Document Type

Article

Publication Date

9-9-2020

Abstract

In 2017, the Federal Communications Commission adopted the Restoring Internet Freedom Order (RIF Order), which repealed the Commission’s two-year-old net neutrality restrictions. This action spawned a flurry of activity in state legislatures that sought to re-impose those restrictions at the state level and subject the RIF Order to a death by a thousand paper cuts. Nowhere was this state activity more prominent than California, where Senate Bill 822 became a vehicle for net neutrality advocates not only to resurrect the requirements of the now-defunct 2015 Open Internet Order, but also to impose additional regulations that even the Obama-era FCC had rejected.

Unsurprisingly, the Justice Department challenged SB-822 in federal court in California, arguing that federal law preempted the state’s attempt to regulate the Internet from Sacramento. In response, California agreed to voluntarily stay enforcement of the statute while the D.C. Circuit heard Mozilla v. FCC, which was considering the validity of the FCC’s RIF Order. For almost two years, California’s bold net neutrality initiative has been in limbo, with supporters and critics alike waiting to see if the bill will ever amount to more than (in one commentator’s words) a “publicity stunt.”

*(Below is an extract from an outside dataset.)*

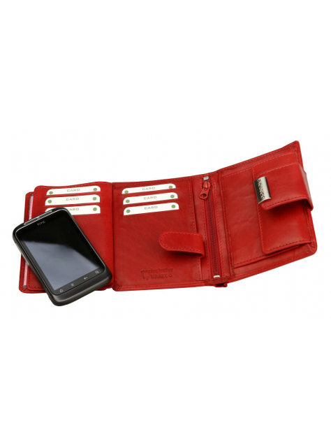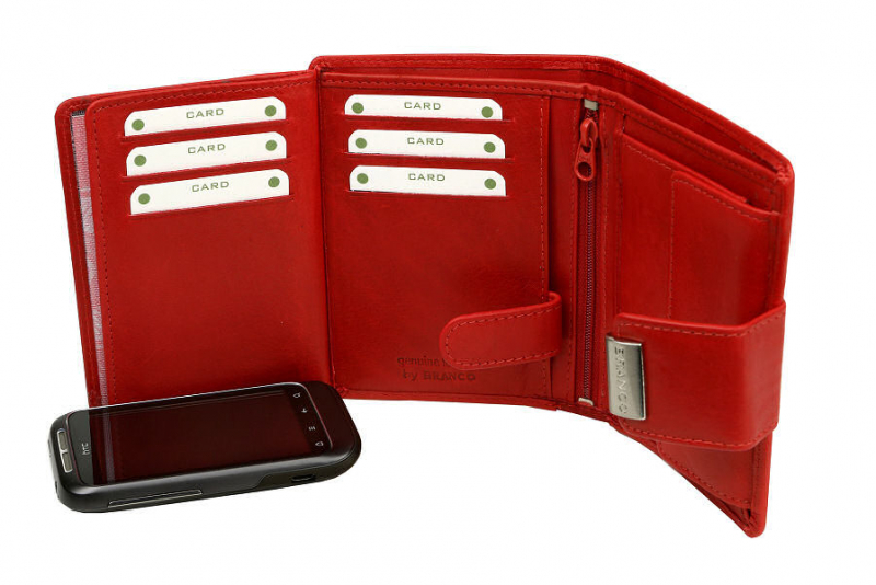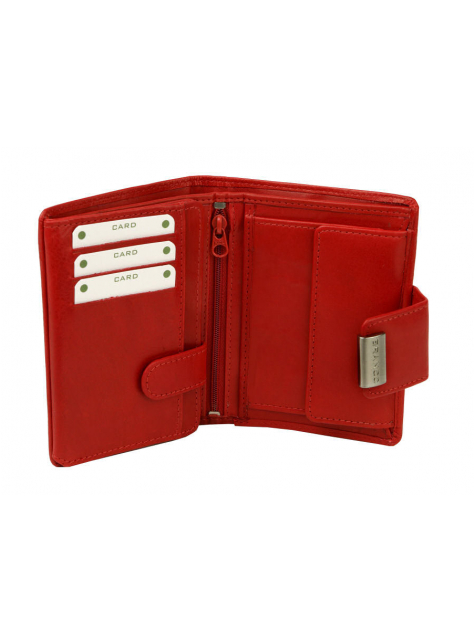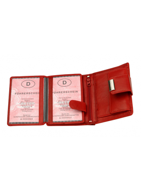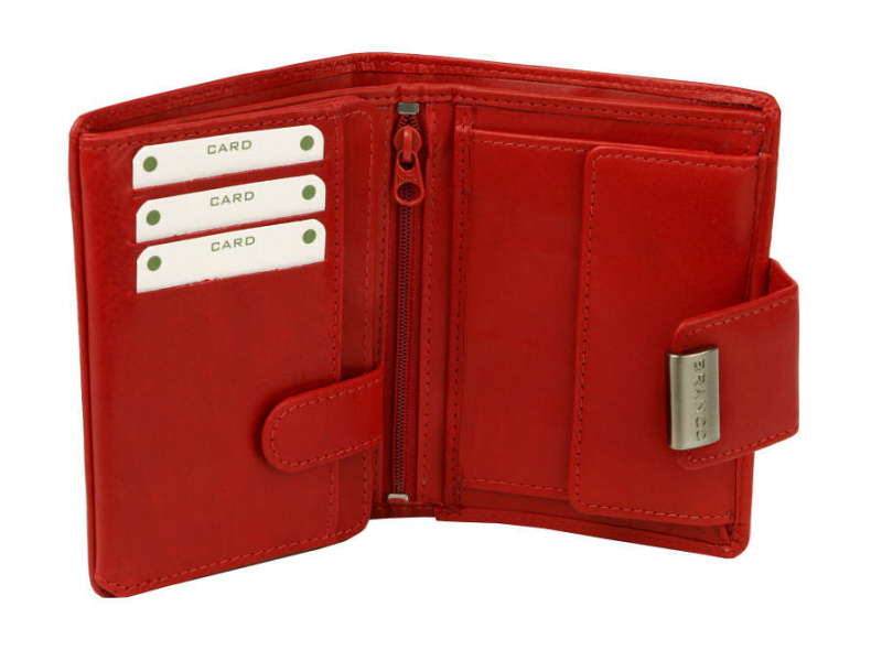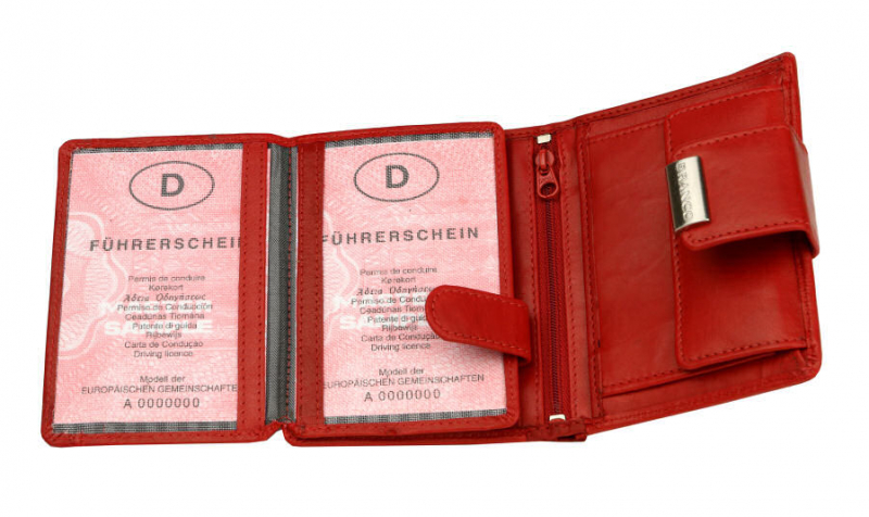 Dámska kožená peňaženka z príjemne hladkej a hebkej kože v atraktívnej rubínovo-červenej farbe. Praktický stredný formát so zapínaním na pracku, vnútorná časť tiež zopnutá prackou. Veľký obojstranný priečinok na zips s prístupom v strede (aj pre starší väčší typ dokladov).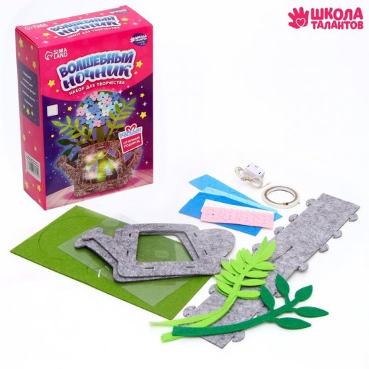 Набор для творчества поможет вам с малышом увлекательно провести время и создать настоящий ночник своими руками. Соединяйте фетровые детали и делайте аппликацию на основе. И хотя это совсем не трудно, крохе придётся быть усидчивым и внимательным, совсем как взрослому!

With the Mozilla litigation now complete, the day of reckoning is approaching – and the California court is likely to find that much, if not all, of SB-822 is preempted. At a minimum, the Communications Act expressly preempts most of the regulations that SB-822 places on wireless companies. More generally, the state law interferes with the carefully calibrated federal broadband policy determined in the RIF Order, and on that basis should face conflict preemption by the Supremacy Clause. These claims, which Mozilla left open, are fatal to much, if not all, of California’s attempt to regulate broadband network management practices.